Previously, we mapped the columns in a data table to a data type; string, regex, cidr, or number. To integrate data tables with the entity graph, at least one column must be mapped to a field in the entity graph. Do all fields need to be mapped to the entity graph? No, because not all the columns in the data table may exist in the entity graph.

Notice in the example above that two rows of drop downs are displayed above the table header columns. These rows can be toggled to display by clicking the check boxes under Edit Mode. One row contains data types. The second row contains drop-down menus for entity graph fields that the columns can be mapped to.
However, notice that when I click on the mapping dropdown, I get a tool tip that states that entity mapping isn’t available because a data type is assigned to the column. A column in a data table can be mapped either to a data type or an entity graph field, but not both.

To resolve this, change the data type to Unspecified and the drop down mapping will become available. Typing in a string like userid will reduce the field choices to just those that contain that value.

For our first example, we have mapped the userid column to the entity.user.userid field, organization to entity.user.company_name and start_date to the entity.user.hire_date.seconds.
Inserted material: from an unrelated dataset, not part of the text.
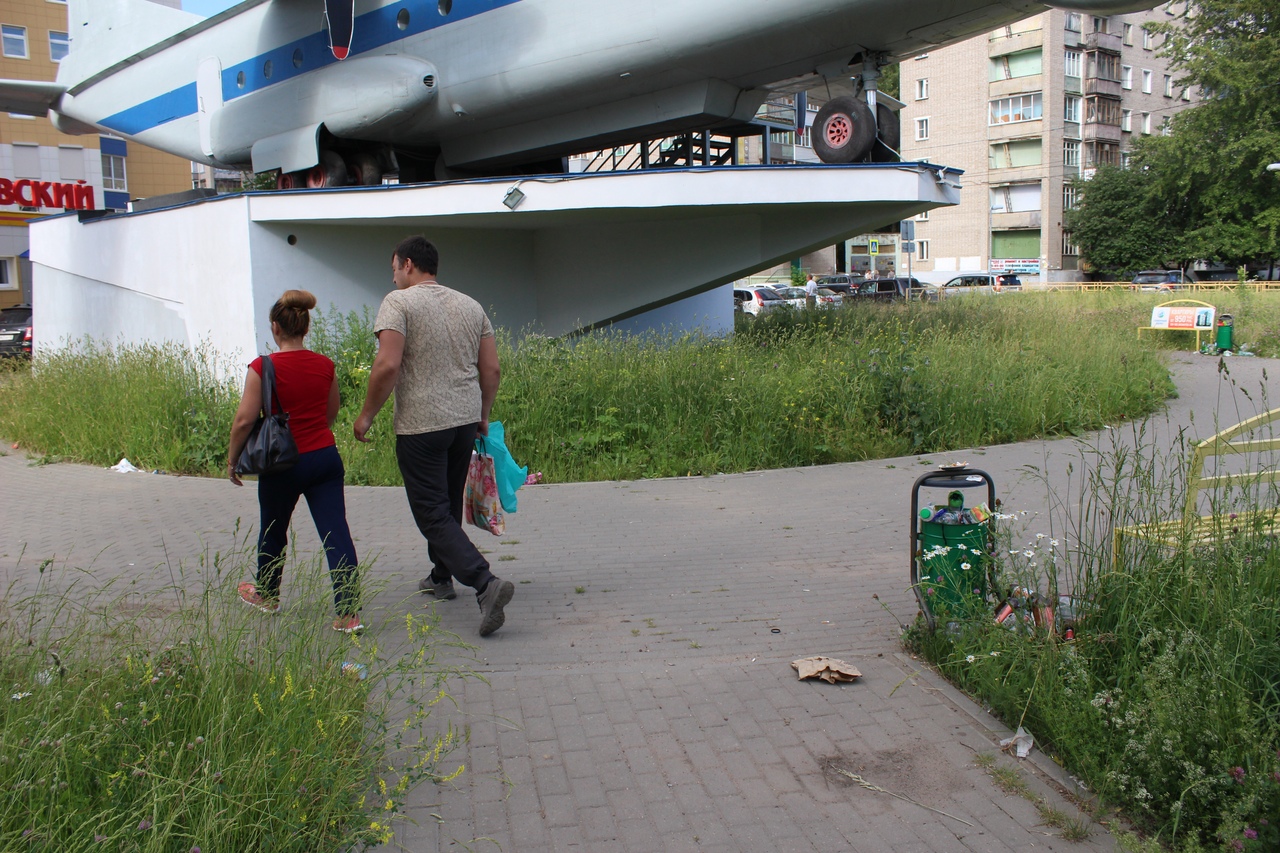 Местные жители жалуются, что траву около самолета не косят.

Two additional columns named state and probationary are mapped to string fields.
A few things to be mindful of as we start working with Entity Graph and Data Table integration:
- Don’t make rules more complex to use entity graph and data tables; these capabilities are designed to help you achieve a desired outcome
- Leverage data tables with the entity graph when you want to override the entity graph values, exclude entity graph values or append additional data to the entity graph
- Add a setup section to the YARA-L rule between the meta and events section
- Data table columns can be mapped to a data type or an entity graph field but not both
With a data table created, mapped and loaded, our next blog will dive into building rules with the entity graph and our data table using the graph_override command.